Pero no sólo los religiosos se dejan llevar por la filosofía
imperialista. Con los tiempos modernos, ésta llega a impregnar
la cultura occidental como un todo. La idea se seculariza con Hugo Grotius
de Holanda, que enseña que no es necesario tomar en cuenta lo que
las personas sienten, quieren, sufren y desean, sino lo que la «ley
eterna de la guerra y de la paz» dicta. A través de Tomás
Hobbes y John Locke esas ideas desembocan finalmente en las terribles
ideologías del siglo XX como el nazismo, el estalinismo, el franquismo,
el salazarismo, y hoy, en el comienzo del siglo XXI, continúan
más vivas que nunca. Ante esto, la discusión sobre guerra
y paz que fue realizada un poco por todas partes durante la segunda parte
del siglo XX, ha probado ampliamente ser insuficiente, y hasta superficial.
Los gritos de «guerra nunca más» llenaron las calles,
y quedaron en eso, por falta de argumentos definitivos. El gran «señor
de la guerra» hoy obedece fielmente al paradigma de Heráclito:
es preciso desviar la mirada de las lágrimas de las mujeres iraquíes
y de los niños afganos y palestinos, mirar a su Eminencia la Guerra,
pues ella obedece a la «ley universal» que rige el mundo.

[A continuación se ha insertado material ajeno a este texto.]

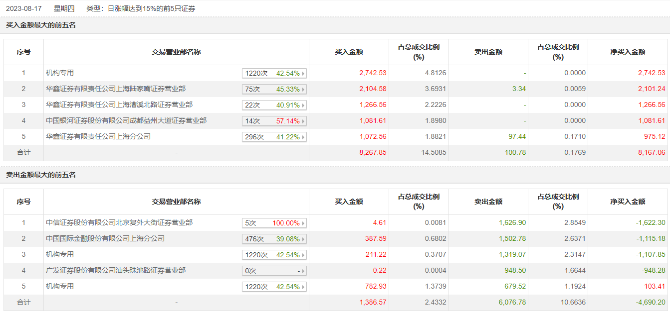 具体来看,机构买入3736.68万元,卖出1998.59万元,合计净买入1738.08万元。此外,华鑫证券上海陆家嘴证券营业部、华鑫证券上海漕溪北路证券营业部分别买入2104.58万元、1266.56万元;中信证券北京复外大街证券营业部、中国国际金融上海分公司分别卖出1626.90万元、1502.78万元。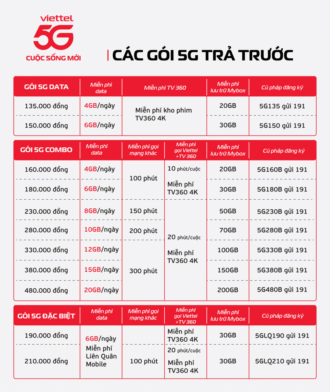 | Ưu đãi Data | 240GB / tháng (8GB / ngày) | 180GB / tháng (6GB / ngày) |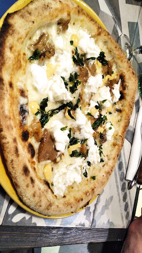 Read moreConoscevo la pizzeria solo di nome, ma non ci ero mai stato, alla fine convinto dalle ottime impressioni di cui mi hanno parlato l'ho provata! Inizio dai punti positivi, a primo impatto il locale l'ho trovato molto carino, forse un po piccolo con i tavoli troppo attaccati, ma lo stile leggermente industrial, che a me piace tanto, mi ha colpito subito. Il personale tutti veramente gentili e a modo, fin dal momento dell'entrata. Arriviamo però a tutto ciò che mi ha fatto storcere il naso, sorvolando sul fatto che la sala al primo piano, probabilmente dovuto alla presenza della cucina sottostante era un forno, sono rimasto innervosito dal troppo caldo tutta la serata (oltre che per nulla arieggiata si respirava un'aria proprio pesante), da starci praticamente a maniche corte, peccato che siamo a marzo e non a luglio (quindi uno gira con il maglioncino quantomeno). Arriva il menu, pochissime pizze senza nomi bensì numeri, alla fine decido di personalizzarmela un pochino, mai l'avessi fatto, tra impasto integrale e un'altra aggiunta mi è venuta a costare solo la pizza 20 euro, buona ma c'è di meglio. I carciofi saltati duri come non so cosa, ho dovuto mangiare la pizza scartandoli e mangiandoli dopo perchè erano piuttosto fastidiosi da masticare insieme alla pizza, concludo con la provola che non era nemmeno sciolta ed erano delle "rondelle" affettate finissime. Ordiniamo il dolce, 7 euro di cheesecake (l'una) che ci arriva all'interno di un barattolino, per questo prezzo mi aspetto che QUANTOMENO sia una fetta decente di cheesecake (stile fetta di torta) non un barattolino stile omogenizzato con all'interno un dolce che topping a parte non aveva molto da dire. Il biscotto sbriciolato non aveva gusto di nulla, probabilmente totale assenza del burro che compattasse il tutto, mentre il formaggio altro non era che una mistura forse di panna?! Alla nostra lamentela sul dolce che non diceva tanto ci è stato risposto con un sufficiente "questione di gusti". Sicuramente il tutto migliorabile.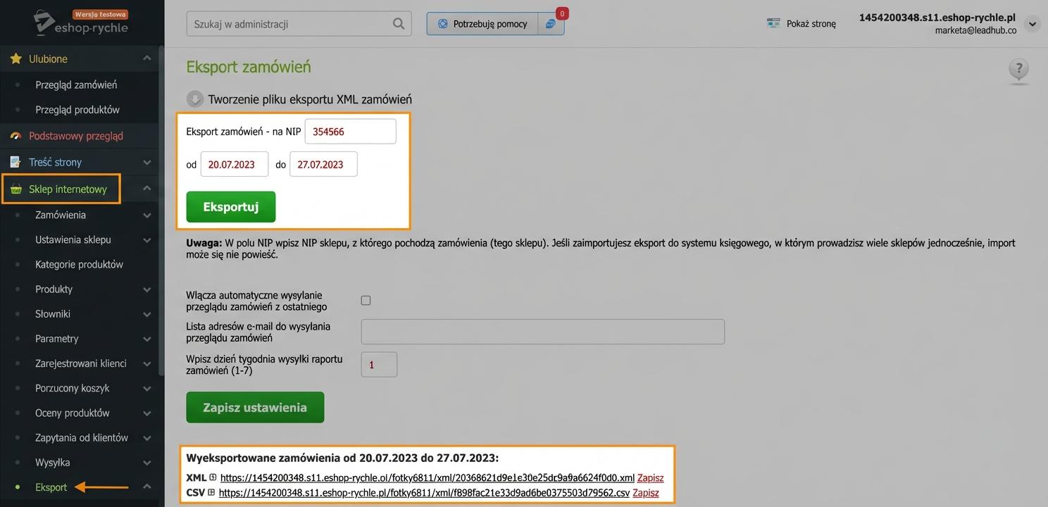 W panelu administracyjnym swojego e-sklepu przejdź do zakładki „E-shop → Eksport → Eksport zamówień“.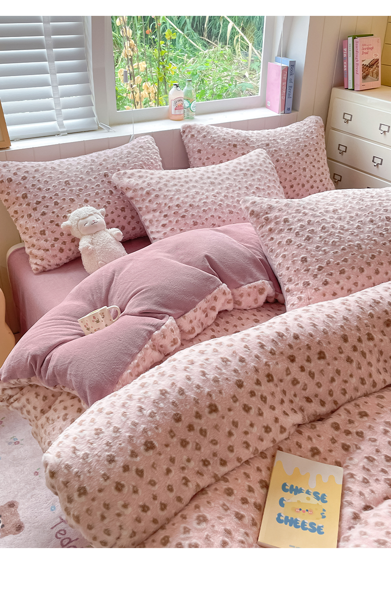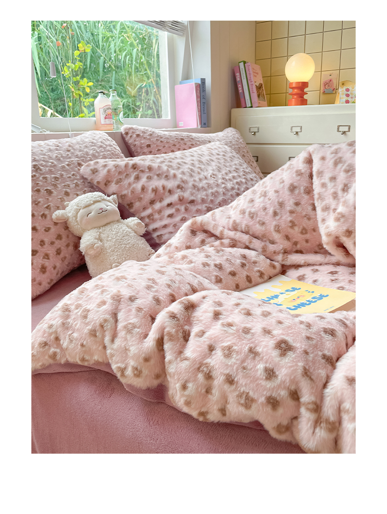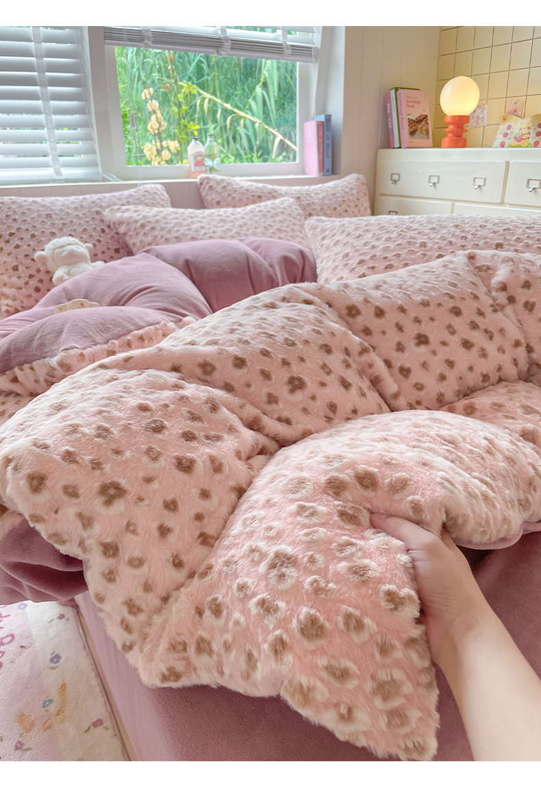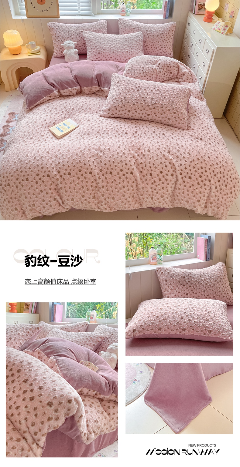 商品名称:雅居纺家纺 2025新款立体雕花兔绒牛奶绒四件套 豹纹-豆沙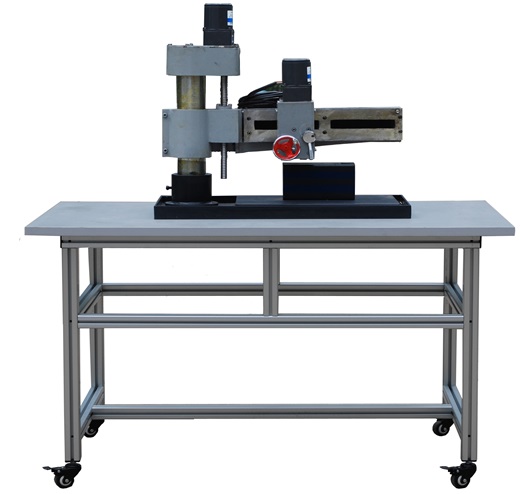 智能型四合一機床半實物仿真模型放置在工作桌上。智能型四合一機床半實物仿真模型是參照智能型四合一機床的尺寸按照一定比例縮小設計;半實物機床上所有電氣元件電壓等級與實際的機床完全相同;半實物機床的床身采用鑄件;滾軸絲杠傳動;手輪使用實際機床部件,貼近真實機床;機床活動導軌表面采用高頻淬火工藝,經久耐用。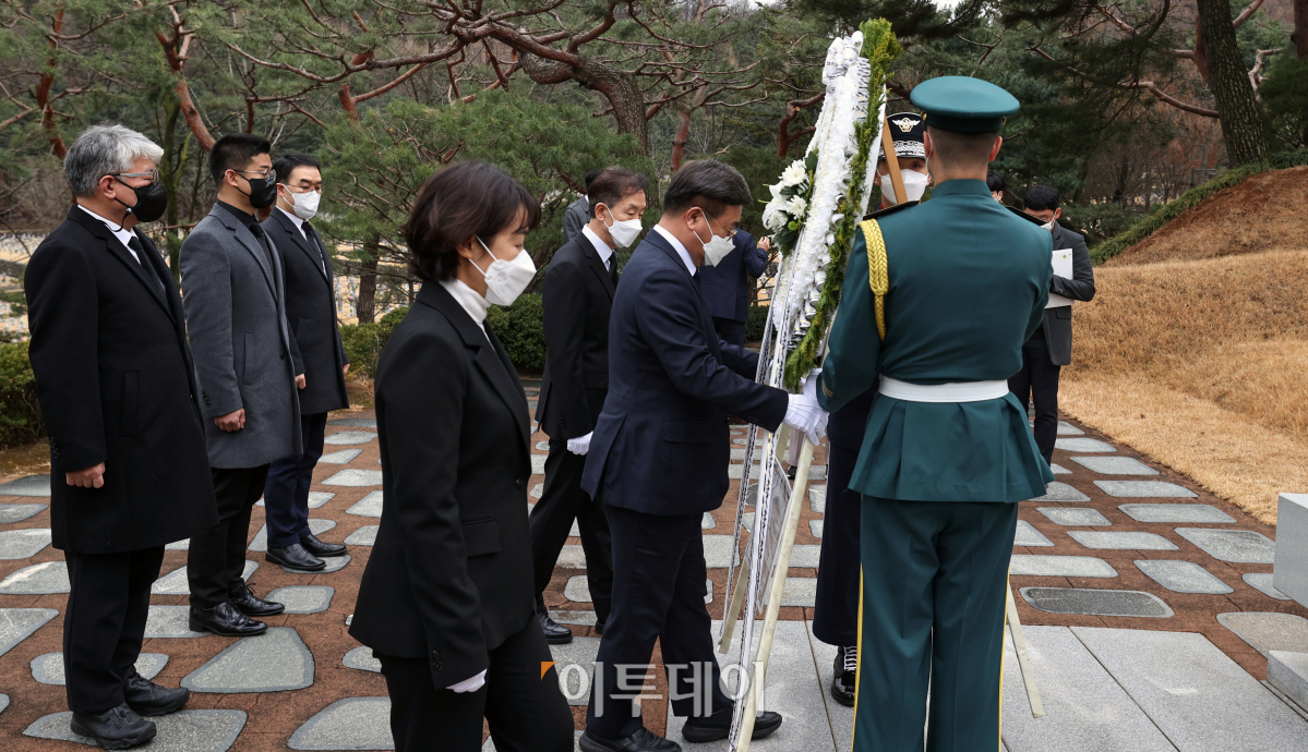 윤호중 더불어민주당 비상대책위원장이 14일 서울 동작구 국립서울현충원 김대중대통령묘소를 찾아 화환을 헌화하고 있다. 국회사진취재단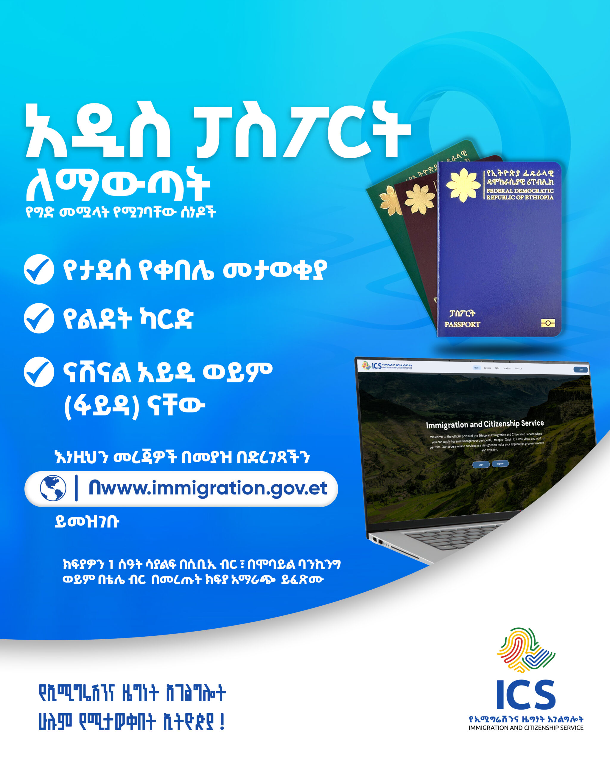 Welcome to the Ethiopian Immigration and Citizenship Services’ website. As the Director General, I am proud to share the significant strides we have made in transforming our services to better serve you.

La doctrina de Heráclito continúa pues inalterada, después
de 2400 años.
5. A pesar de todo, afortunadamente, América Latina conserva su
virginidad. Está siendo considerada -sobre todo por los artistas-
como un continente «no estoico». Esto viene de lejos... Al
observar la forma de ser de los habitantes de la costa brasileña
en 1501, el famoso viajante genovés Américo Vespucio anota
en su diario: Parecen más epicúreos que estoicos. Y así
siguen hoy, refractarios al estoicismo y a las filosofías sombrías
en general.
El poeta chileno Nicanor Parra testimonia: En Chile el saber y la risa
se confunden. Otro poeta chileno, Pablo Neruda, escribe: ¡Ah! ¡Si
con una gota de poesía y de amor / pudiésemos aplacar la
ira del mundo! Otro chileno, el historiador Maximiliano Salinas, insiste
a su vez en la originalidad «no estoica» del Continente al
describir el carácter propio del cristianismo latinoamericano.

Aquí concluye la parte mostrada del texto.